Screen technology, such as with televisions and computers, has advanced to the point where the human eye can no longer distinguish the increase in the refresh rate of the screen. Some modern televisions refresh at a rate of 240 Hz, while computer LCD/LED screens refresh at even faster rates. Despite such fast refresh rates, an acceptable viewing angle of the screen remains fairly narrow, and an image or video on a screen that is viewed at too high an angle of incidence can by unclear and difficult to see. A viewing angle of a typical screen is at most 180 degrees. In other words, if a viewer stands 90 degrees to either the left or right relative to the front of the screen, the viewer will no longer be able to see the picture.
In most stores, shopping malls or airports, there are normally multiple televisions or computer screens displaying common images or video information. The reason for this is because each screen can only provide viewing to a limited angle. In other words, if a person is standing directly in front of the display, a person behind the display is not able to view the image. Accordingly, in places where screens are arranged for viewing from multiple varied vantage points within the place, a large number of screens, dispersed about the place, is usually required, adding expenses and consuming maintenance resources. Thus, what is needed is a screen that can be viewed from any angle.

SUMMARY

In general, this document discloses a multi-directional display system. The multi-directional display in accordance with implementations described herein provides a rich multi-dimensional experience without the aid of additional peripherals. The multi-directional display can provide a rich visual experience from all angles to a display by utilizing the processing capabilities of graphics processing units (GPUs) and central processing units (CPUs) of conventional computing platforms, servers, desktop computers, laptops, smartphones, tablet computers, etc., and rotating displays.
The multi-directional display uses one or more flat panel displays that are rotated in synchronization with images produced by a computer. The display can be a liquid crystal display (LCD), light emitting diode (LED) display, organic LED (OLED) display, or active-matrix OLED (AMOLED) display, from any of a number of devices, such as mobile devices like phones, laptops, and digital cameras, as well as larger devices like computer screens, or large panel television displays. It will be appreciated that other types of displays and devices can be used.
In one aspect, a method for generating a multi-directional display is executed using one or more computer processors. The method includes placing an iPhone on a rotating platform where it primary axis of rotation is around the y-axis (refer to FIG. 1 and FIG. 4). The multi-directional display system screen can be rotated in a clockwise or counter-clockwise direction. The system should be rotated at speeds fast enough the human eye does not easily perceive rotation.
In another aspect, a computer processor-implemented method for generating a multi-directional display includes using a complete (all-in-one) computer such as an iMac. The setup would be the same as for the iPhone, except everything would be of larger scale. Other suitable screens include a flat screen television or any other flat viewable screen that can be rotated.
As described herein, a method for generating a multi-directional display includes the step of generating an image on a screen, such as a digital display. The screen has an image refresh rate, an x-axis and a y-axis defining the height and length of the screen, respectively, and a z-axis orthogonal to the screen. The method further includes the step of rotating the screen about the x-axis at a rotational speed relative to the image refresh rate, such that the image on the screen is visible at the z-axis in all directions around the screen.
As further described herein, a system for generating a multi-directional display includes an electronic display that displays an image on a screen. As described above, the screen has an image refresh rate, an x-axis and a y-axis defining the height and length of the screen, respectively, and a z-axis orthogonal to the screen. The system further includes a rotation mechanism that rotates the electronic display at a rotational rate that is related to the image refresh rate such that the image on the screen is visible at the z-axis in all directions around the screen.
The details of one or more embodiments are set forth in the accompanying drawings and the description below. Other features and advantages will be apparent from the description and drawings, and from the claims.

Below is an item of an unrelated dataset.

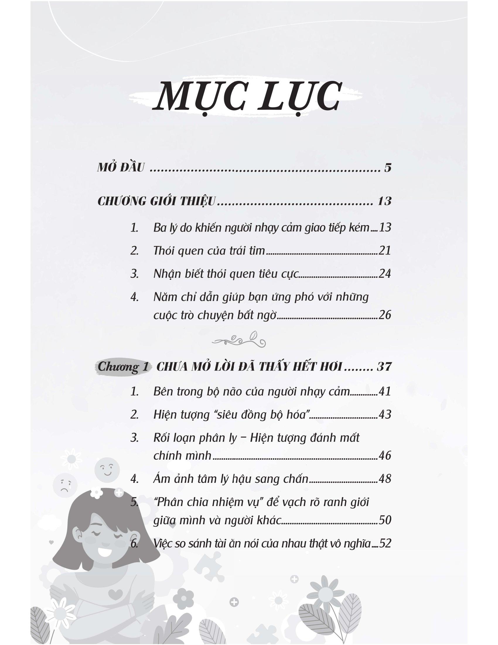 Nếu bạn muốn mở lòng hòa nhập với thế giới bên ngoài, cuốn sách “Kẻ nhạy cảm giữa hành tinh vô cảm” sẽ rất có ích cho bạn. Cuốn sách sẽ đưa ra những lời khuyên trò chuyện hiệu quả để các HSP có thể dễ dàng cất lên tiếng của bản thân, bao gồm cách “lắng nghe thay vì cố gắng ép m.ình nói” hay “phớt lờ những người chỉ biết nói những lời gây tổn thương”. Đặc biệt là lời nhắn “Đừng cố gắng để được mọi người yêu thích”. Đây là cuốn sách dành riêng để hỗ trợ những tâm hồn nhạy cảm, những người có xu hướng tự ti và nghĩ rằng m.ình không có giá trị; thêm yêu bản thân và tự tin vào chính m.ình.

BRIEF DESCRIPTION OF THE DRAWINGS

These and other aspects will now be described in detail with reference to the following drawings.

FIG. 1 illustrates a simulated three-dimensional or holographic display.

FIG. 2 illustrates an image of a computer model at an initial orientation about the x, y and z axes.

FIG. 3 illustrates a number of images of the computer model of FIG. 2 at incremental angular offsets from the initial orientation, about one of the x, y, or z axes.

FIG. 4 is a mockup prototype of a physical unit that could house a three-dimensional display system

FIG. 5 is a flowchart of a method for generating a simulated three-dimensional or holographic display.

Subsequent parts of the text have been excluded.